### WORK REQUEST:
Which lines come from the start of the listing through the line holding "Download the Hymn"? Restate exactly those, both included, minus the pictures.

### GIVEN DATA:
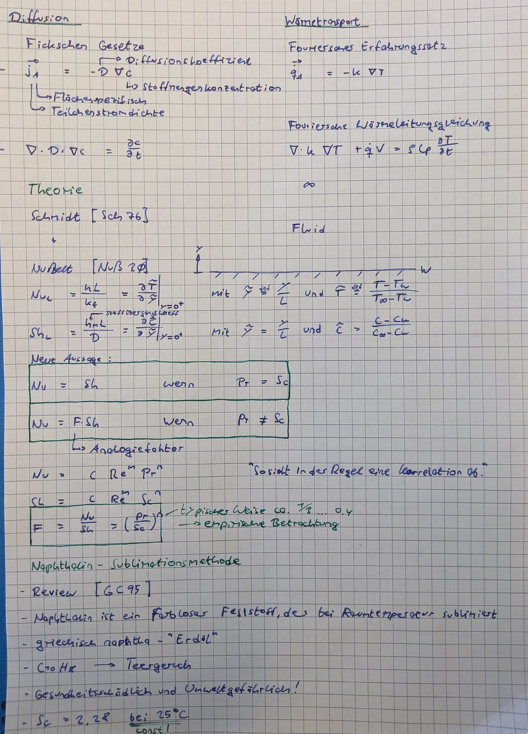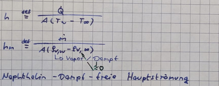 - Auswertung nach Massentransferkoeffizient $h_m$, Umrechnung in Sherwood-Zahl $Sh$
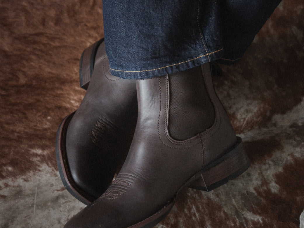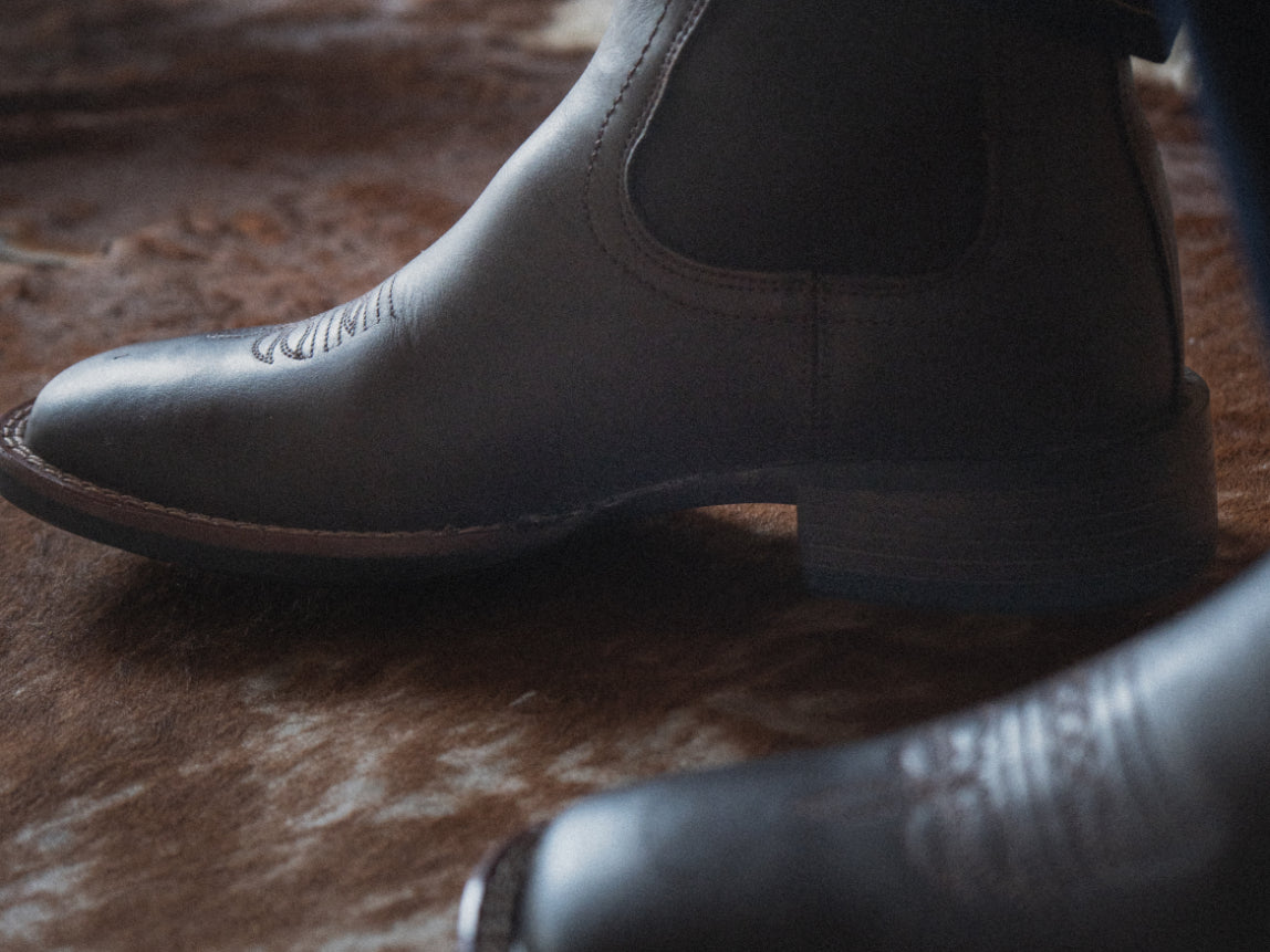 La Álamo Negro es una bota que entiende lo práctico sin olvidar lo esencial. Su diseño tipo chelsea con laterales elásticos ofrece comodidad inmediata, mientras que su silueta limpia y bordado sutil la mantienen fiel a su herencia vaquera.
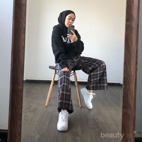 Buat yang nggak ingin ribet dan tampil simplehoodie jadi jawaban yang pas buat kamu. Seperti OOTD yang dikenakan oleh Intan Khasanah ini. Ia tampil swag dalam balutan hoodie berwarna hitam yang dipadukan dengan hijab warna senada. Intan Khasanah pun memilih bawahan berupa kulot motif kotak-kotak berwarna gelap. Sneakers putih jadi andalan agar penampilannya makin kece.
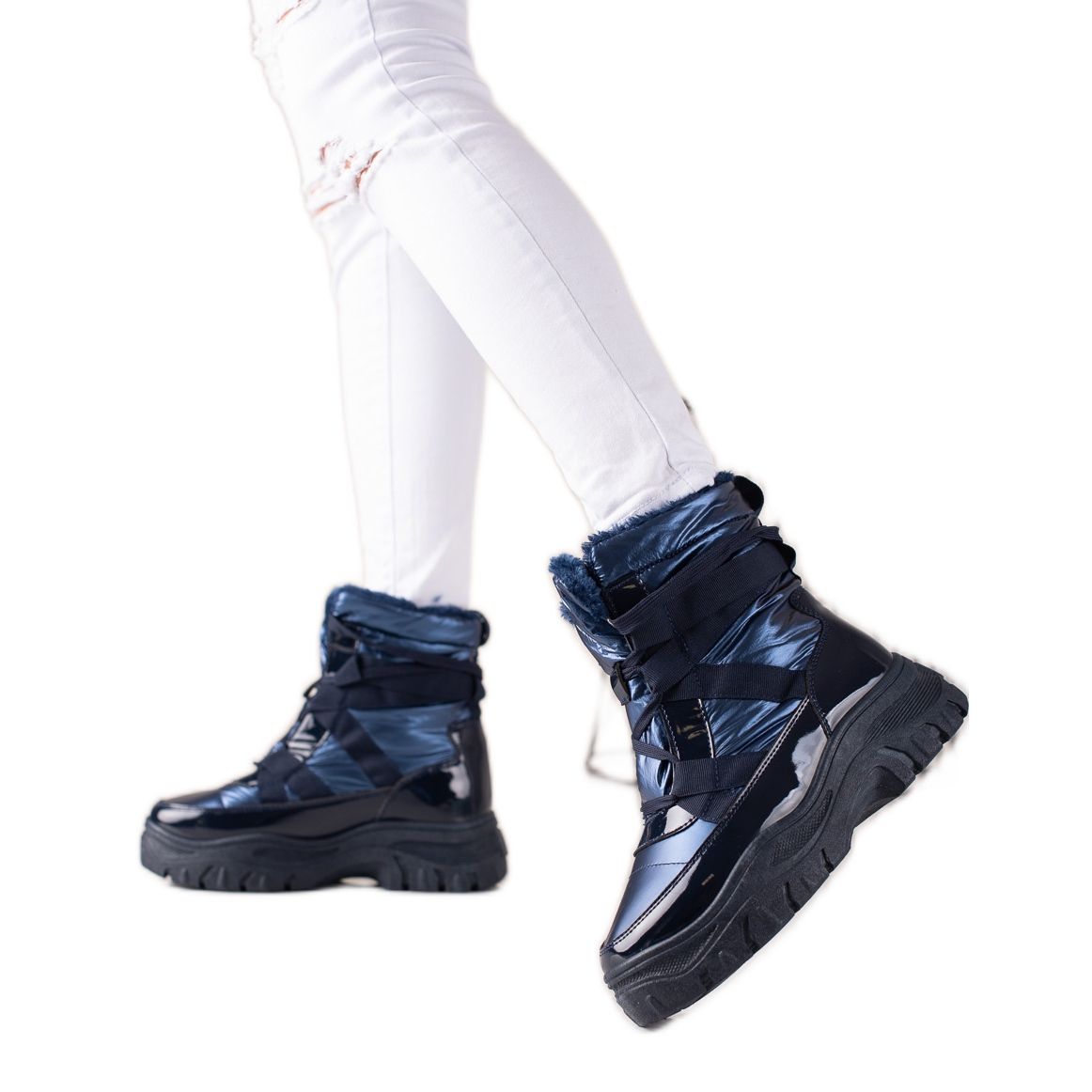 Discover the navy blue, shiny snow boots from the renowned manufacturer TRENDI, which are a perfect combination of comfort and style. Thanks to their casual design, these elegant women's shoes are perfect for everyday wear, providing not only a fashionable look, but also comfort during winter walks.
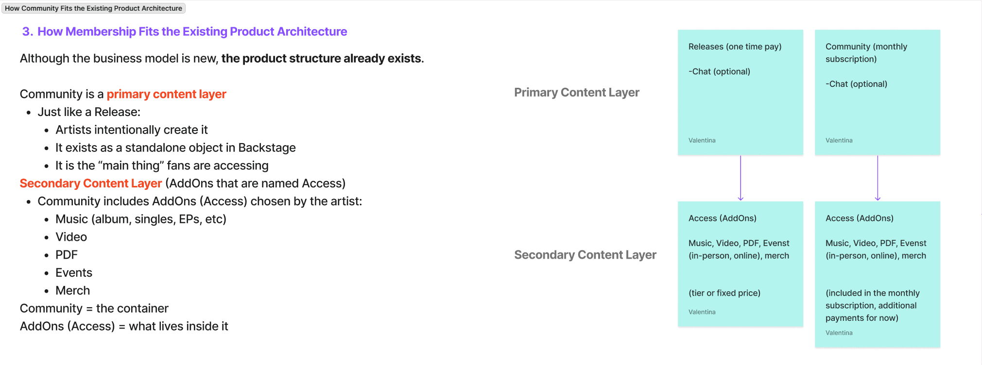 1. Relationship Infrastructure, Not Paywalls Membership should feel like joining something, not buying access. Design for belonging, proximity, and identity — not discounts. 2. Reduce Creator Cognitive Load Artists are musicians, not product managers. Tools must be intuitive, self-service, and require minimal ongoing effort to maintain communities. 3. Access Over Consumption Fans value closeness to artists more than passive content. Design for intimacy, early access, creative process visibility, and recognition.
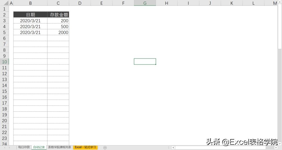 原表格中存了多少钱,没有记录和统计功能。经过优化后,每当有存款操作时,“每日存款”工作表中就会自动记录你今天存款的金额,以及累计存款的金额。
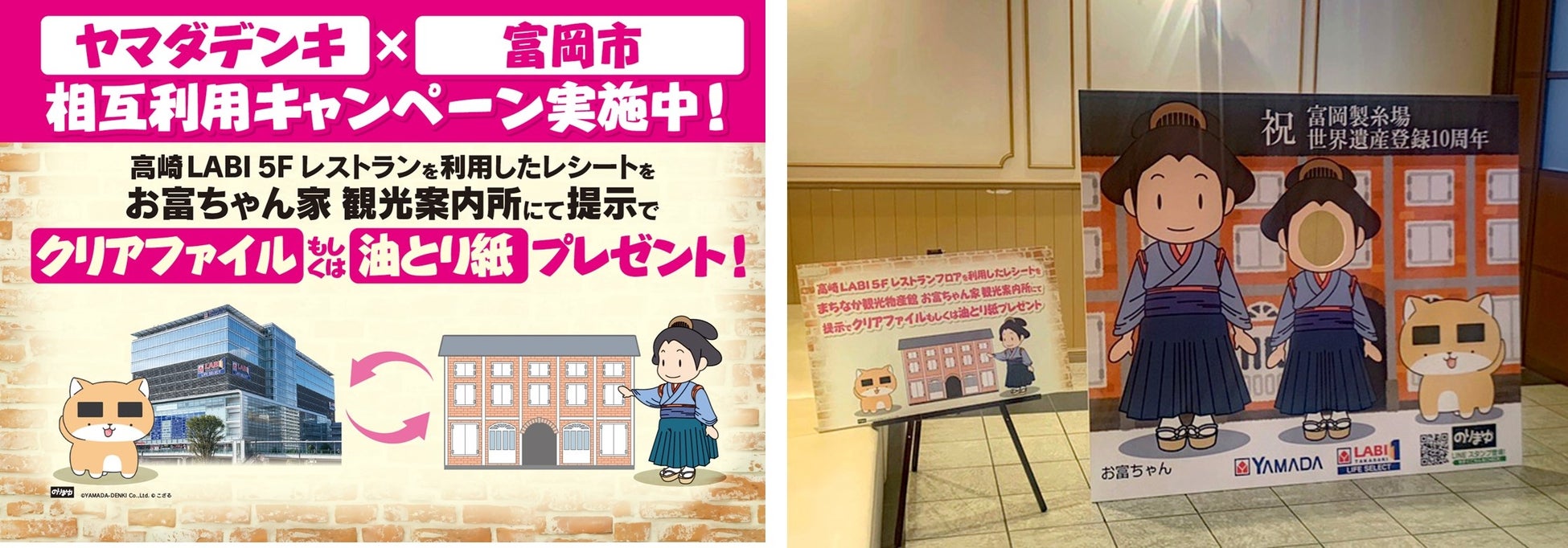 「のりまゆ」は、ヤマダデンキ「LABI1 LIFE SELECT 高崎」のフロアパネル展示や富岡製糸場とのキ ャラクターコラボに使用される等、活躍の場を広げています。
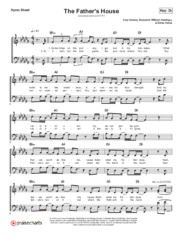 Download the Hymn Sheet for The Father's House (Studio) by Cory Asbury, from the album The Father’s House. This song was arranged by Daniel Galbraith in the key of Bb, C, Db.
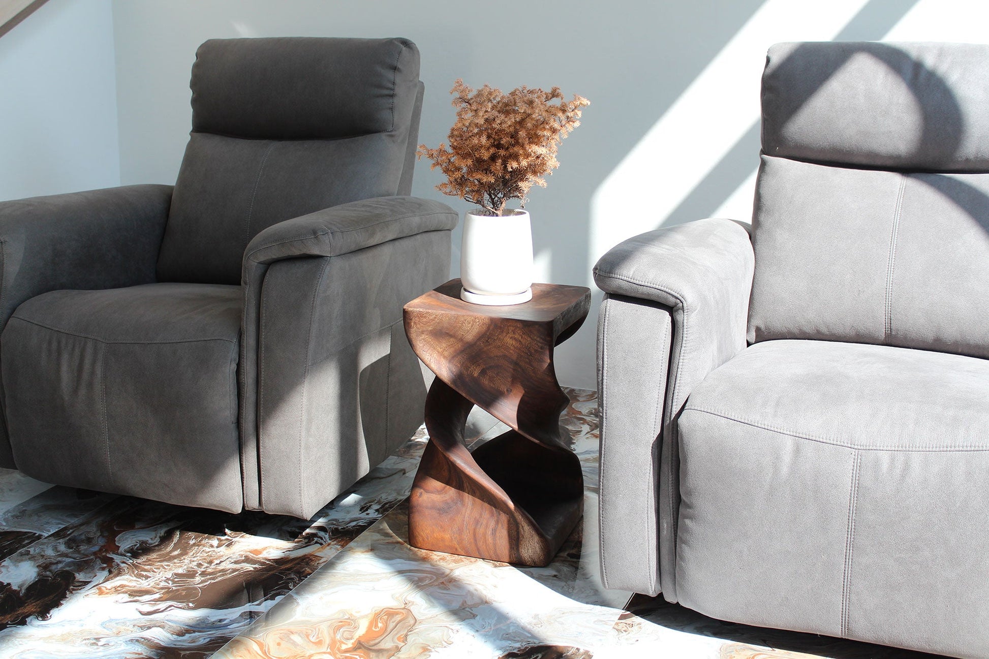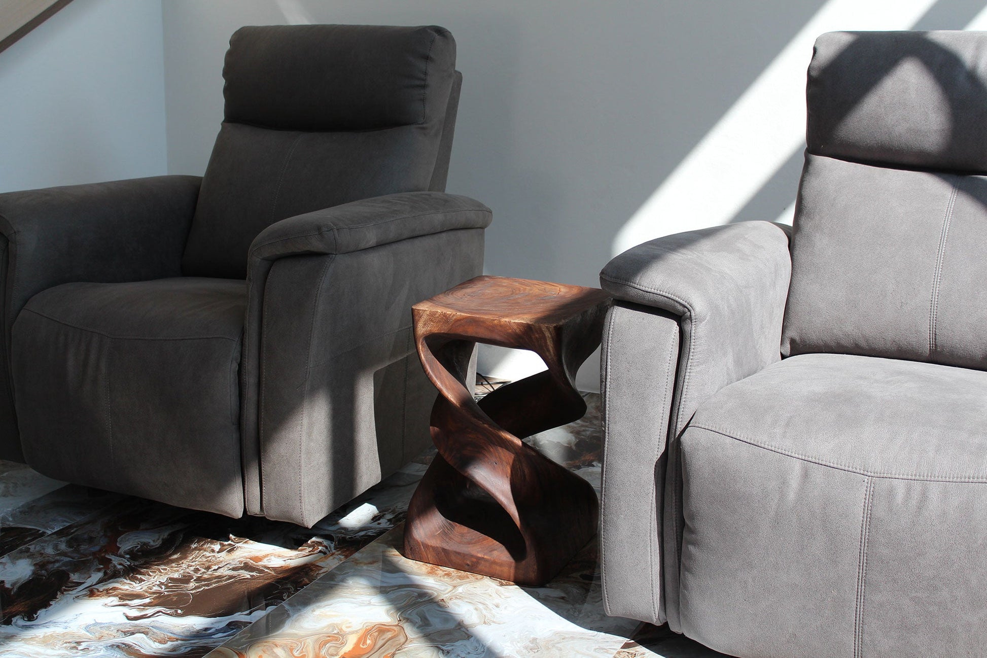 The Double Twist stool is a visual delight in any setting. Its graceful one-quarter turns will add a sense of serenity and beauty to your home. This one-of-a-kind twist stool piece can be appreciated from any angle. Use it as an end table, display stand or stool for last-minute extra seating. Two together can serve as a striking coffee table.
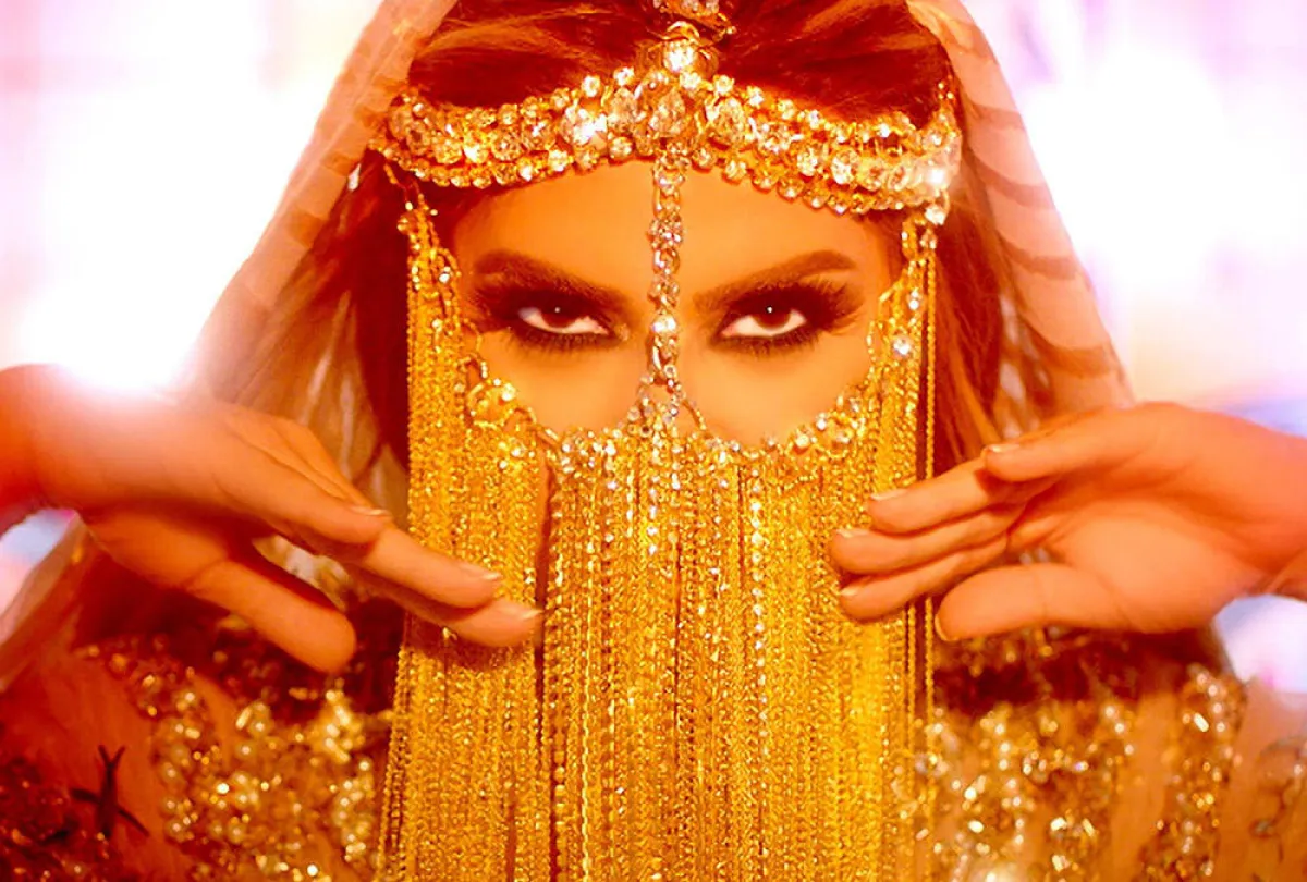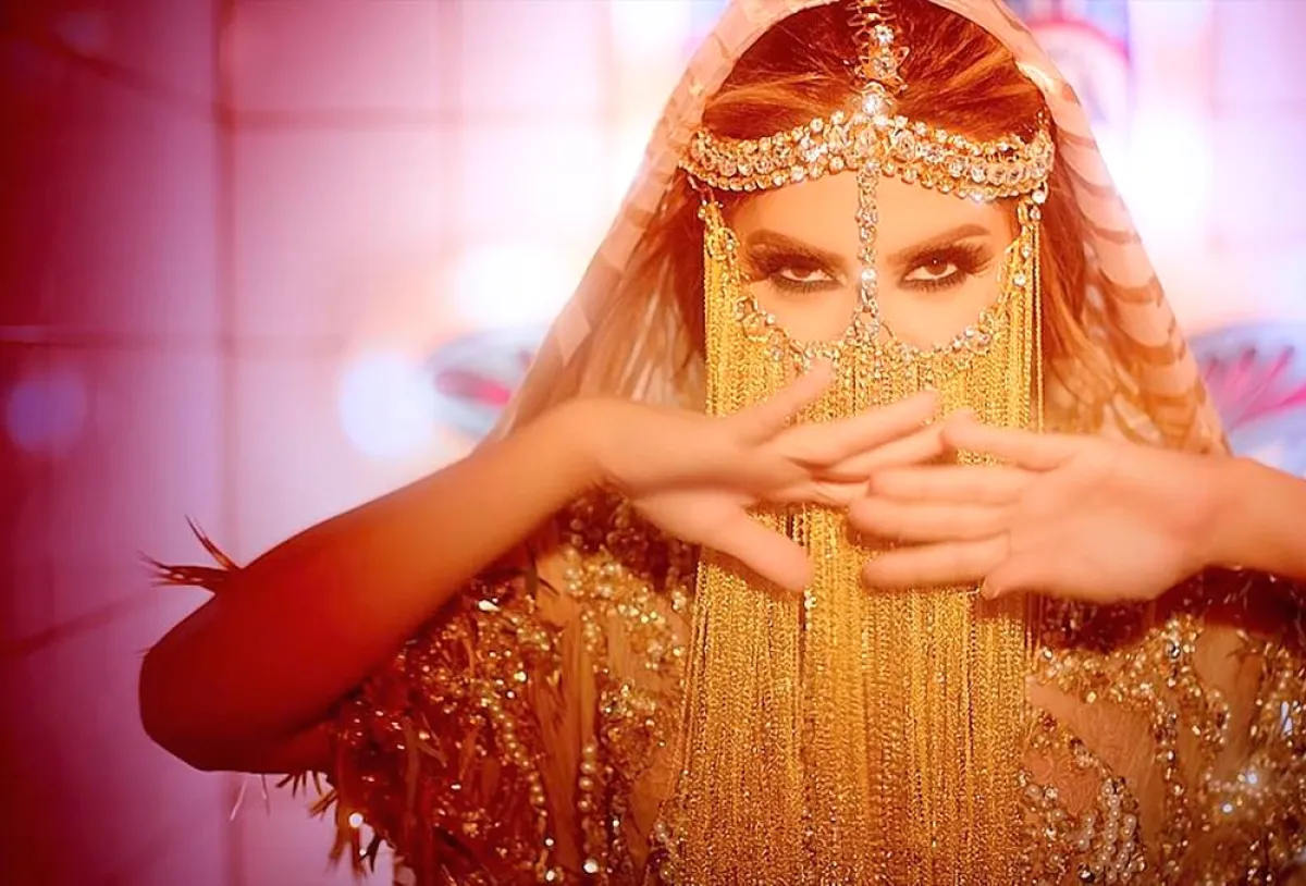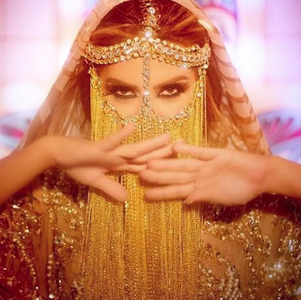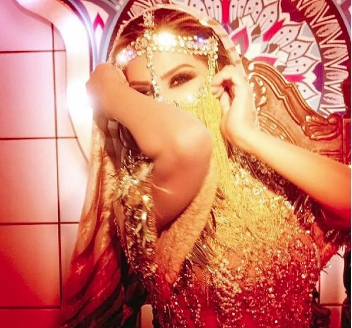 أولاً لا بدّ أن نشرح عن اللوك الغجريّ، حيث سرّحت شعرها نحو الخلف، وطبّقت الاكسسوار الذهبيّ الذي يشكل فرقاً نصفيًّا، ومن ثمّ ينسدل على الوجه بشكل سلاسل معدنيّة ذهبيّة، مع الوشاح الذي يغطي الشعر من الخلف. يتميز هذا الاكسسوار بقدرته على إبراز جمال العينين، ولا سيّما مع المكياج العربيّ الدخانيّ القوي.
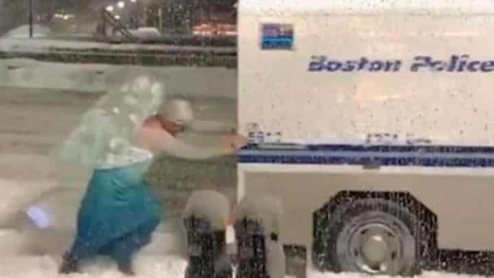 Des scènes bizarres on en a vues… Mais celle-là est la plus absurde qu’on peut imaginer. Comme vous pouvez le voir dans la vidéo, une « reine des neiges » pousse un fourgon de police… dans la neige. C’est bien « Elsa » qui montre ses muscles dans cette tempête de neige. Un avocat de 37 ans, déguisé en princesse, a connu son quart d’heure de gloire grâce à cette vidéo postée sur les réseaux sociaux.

### SOLUTION BELOW:
 - Auswertung nach Massentransferkoeffizient $h_m$, Umrechnung in Sherwood-Zahl $Sh$
 La Álamo Negro es una bota que entiende lo práctico sin olvidar lo esencial. Su diseño tipo chelsea con laterales elásticos ofrece comodidad inmediata, mientras que su silueta limpia y bordado sutil la mantienen fiel a su herencia vaquera.
 Buat yang nggak ingin ribet dan tampil simplehoodie jadi jawaban yang pas buat kamu. Seperti OOTD yang dikenakan oleh Intan Khasanah ini. Ia tampil swag dalam balutan hoodie berwarna hitam yang dipadukan dengan hijab warna senada. Intan Khasanah pun memilih bawahan berupa kulot motif kotak-kotak berwarna gelap. Sneakers putih jadi andalan agar penampilannya makin kece.
 Discover the navy blue, shiny snow boots from the renowned manufacturer TRENDI, which are a perfect combination of comfort and style. Thanks to their casual design, these elegant women's shoes are perfect for everyday wear, providing not only a fashionable look, but also comfort during winter walks.
 1. Relationship Infrastructure, Not Paywalls Membership should feel like joining something, not buying access. Design for belonging, proximity, and identity — not discounts. 2. Reduce Creator Cognitive Load Artists are musicians, not product managers. Tools must be intuitive, self-service, and require minimal ongoing effort to maintain communities. 3. Access Over Consumption Fans value closeness to artists more than passive content. Design for intimacy, early access, creative process visibility, and recognition.
 原表格中存了多少钱,没有记录和统计功能。经过优化后,每当有存款操作时,“每日存款”工作表中就会自动记录你今天存款的金额,以及累计存款的金额。
 「のりまゆ」は、ヤマダデンキ「LABI1 LIFE SELECT 高崎」のフロアパネル展示や富岡製糸場とのキ ャラクターコラボに使用される等、活躍の場を広げています。
 Download the Hymn Sheet for The Father's House (Studio) by Cory Asbury, from the album The Father’s House. This song was arranged by Daniel Galbraith in the key of Bb, C, Db.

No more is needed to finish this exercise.